Radikalisierte Zeit

ClausAllgemein

Wir sind inmitten der Woche, in der es um Wahrheit, Wahrhaftigkeit und Klärung geht. Gründonnerstag, Karfreitag, Karsamstag, Ostersonntag…

Das letzte gemeinsame Mahl – oder auch: Göttliches und Menschliches an einem Tisch vereint…
Verrat, Demütigung, Nichtverstehen, Leiden, Einsamkeit, Tod…
Abgrundtiefe Stille, Leere, das empfundene Nichts…
Wandlung, Erwachen, Neubeginn…

Wir werden mit exemplarischen Lebensstationen konfrontiert, die jedem von uns in jeder Stunde begegnen können; manchmal auch als Täter, manchmal als Opfer. Und jeweils ist es eine besondere, eine herausragende Zeit. Auf ihre Weise enthält sie unendlich viel an Erfahrung, Erkennen und Transformation. Es ist Kairos-Zeit. Etwas bricht auf existentielle Weise ein in unser Sein. Und es erschüttert.

Es geht bei Kairos nicht nur, wie so oft vermutet und geschrieben wird, um das sogenannte Schöne, um den angenehmen Hauch des Ewigen. Kairos meint ultimative Radikalisierung der Seinsweise. In jedem Moment, in allem, was uns begegnet, kann sie sich zu erkennen geben. Manchmal mag es empfunden werden wie ein Stich ins Herz; ein anderes mal berührt dich zeitloses Glück oder auch das tiefe, momenthaft wahrgenommene Gefühl der Diaphanie, des Durchscheines und Erwachens. Und alles sind Erkenntnisweisen über das Sein an sich und unsere Stellung auf Erden und im Universum. Was ich nun bei mir wahrgenommen, erkannt und verstanden habe, kann ich schließlich allem anderen Leben auch als Potentialität zubilligen.

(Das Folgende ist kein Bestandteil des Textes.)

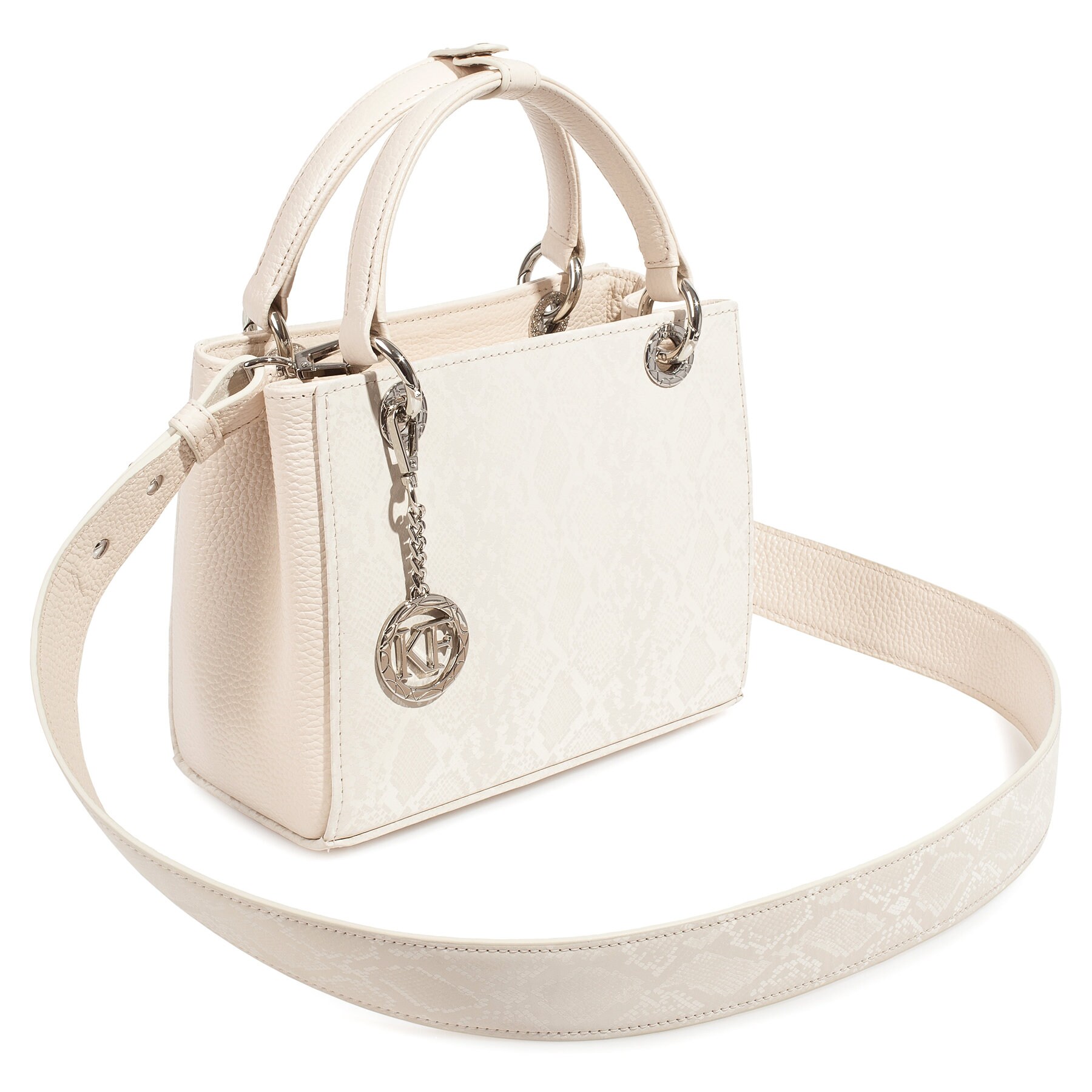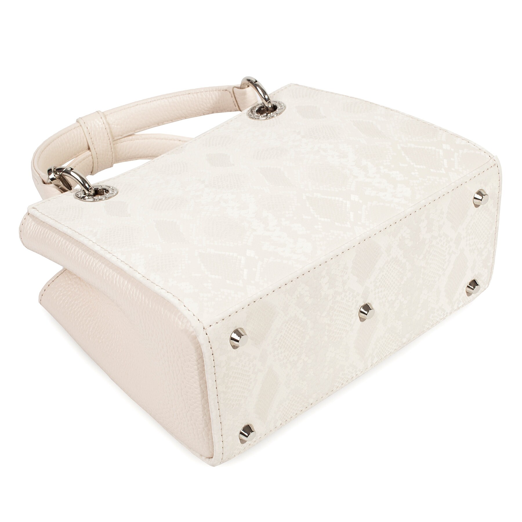 Delivery: In most cases, our goods are shipped by FedEx or Ups Express. On rare occasions, the goods might be shipped by Ukrposhta. The clients should check in advance an estimate of the amount of customs duty and value added tax. Light beige genuine leather handbag with snake print from Ukrainian designer Katerina Fox. This model is designed for women who appreciate the sleek design combined with functionality and comfort. High-quality and reliable hardware ensure long service bags. Inside the bag are three spacious compartments, one with zip, two patch pockets and one zippered pocket closes with a zipper. The bottom of the bag protected by metal feet.

Gerade die Tage vor Ostern wären auf Empfindungs- und Erkenntnisebene in ihrer ganz eigenen Besonderheit verschenkt, würden wir sie permanent überlagern mit österlicher Vorfreude. Alles hat seine Zeit, wie es der biblische Prophet Kohelet, auch der Prediger genannt, ausdrückt. Alles…

Und so fordert alles unsere kairosförmige Wachheit.
Die tägliche Zeit der Stille und Besinnung will uns daran erinnern.
Sie möchte uns dahin führen zu verstehen, dass eine jegliche Zeit Gnadenzeit ist; dass das Dunkle dem Licht vorausgeht, und wir keinen größeren Fehler machen können als zu spalten und zu verdrängen. Denn dann spalten wir uns selbst und verdrängen ganz Wesentliches aus unserer eigenen Mitte.

Dass die jugendliche Gottheit KAIROS in der griechischen Antike mit einem scharfen Messer in der unter dem wehenden Mantel verborgenen Hand dargestellt wurde, sagt etwas über die möglichen Folgen aus, mit denen du leben musst, wenn du die Zeit nicht erkennst.